DATA BELOW –
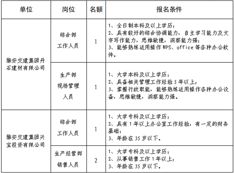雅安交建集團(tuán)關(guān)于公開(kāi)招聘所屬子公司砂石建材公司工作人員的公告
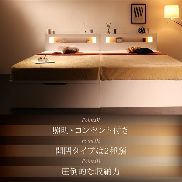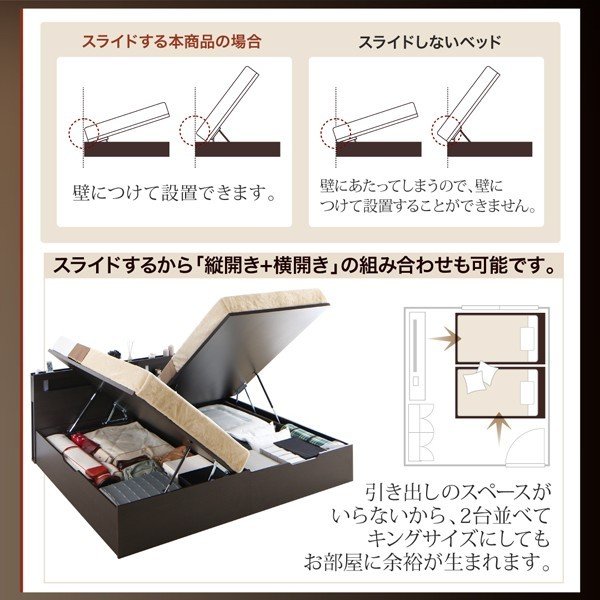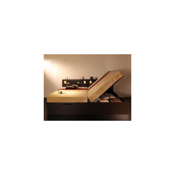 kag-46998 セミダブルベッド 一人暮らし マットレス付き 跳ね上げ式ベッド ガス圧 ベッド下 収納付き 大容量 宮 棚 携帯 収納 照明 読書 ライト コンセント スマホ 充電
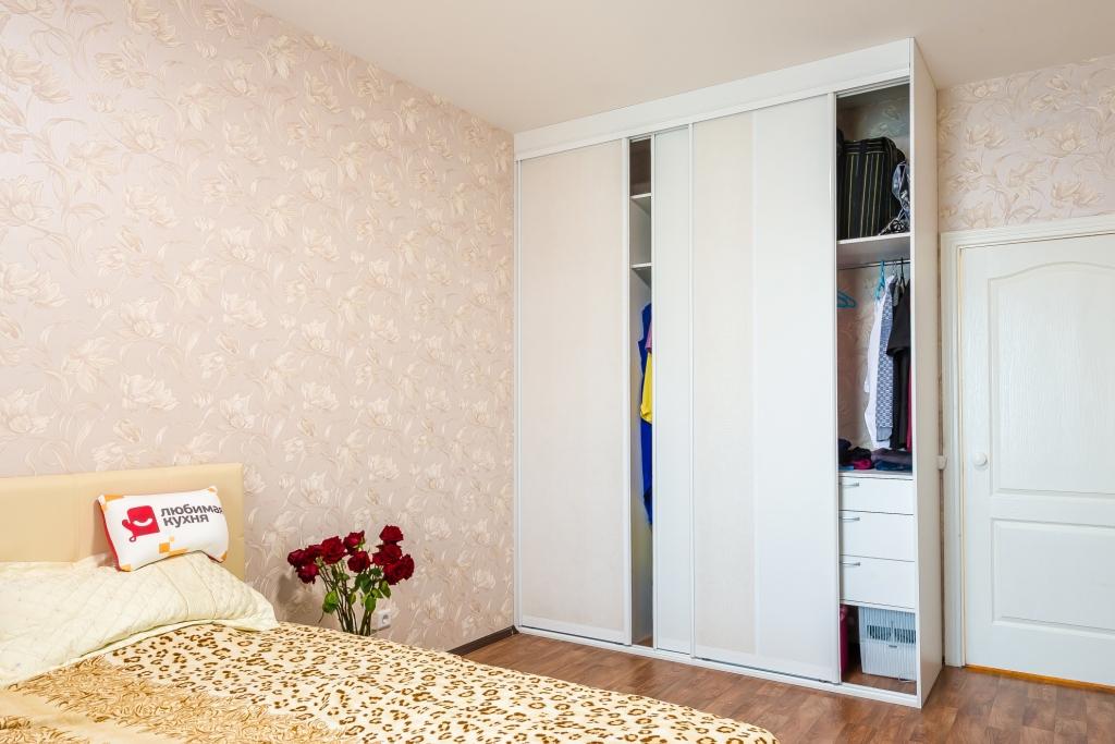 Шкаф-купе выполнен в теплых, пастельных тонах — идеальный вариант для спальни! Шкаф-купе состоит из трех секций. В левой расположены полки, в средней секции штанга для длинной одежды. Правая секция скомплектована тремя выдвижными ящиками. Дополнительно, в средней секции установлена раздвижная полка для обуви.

EXERCISE – Leave out the pictures and copy the rest of the material above exactly.

REPLY –
雅安交建集團(tuán)關(guān)于公開(kāi)招聘所屬子公司砂石建材公司工作人員的公告
 kag-46998 セミダブルベッド 一人暮らし マットレス付き 跳ね上げ式ベッド ガス圧 ベッド下 収納付き 大容量 宮 棚 携帯 収納 照明 読書 ライト コンセント スマホ 充電
 Шкаф-купе выполнен в теплых, пастельных тонах — идеальный вариант для спальни! Шкаф-купе состоит из трех секций. В левой расположены полки, в средней секции штанга для длинной одежды. Правая секция скомплектована тремя выдвижными ящиками. Дополнительно, в средней секции установлена раздвижная полка для обуви.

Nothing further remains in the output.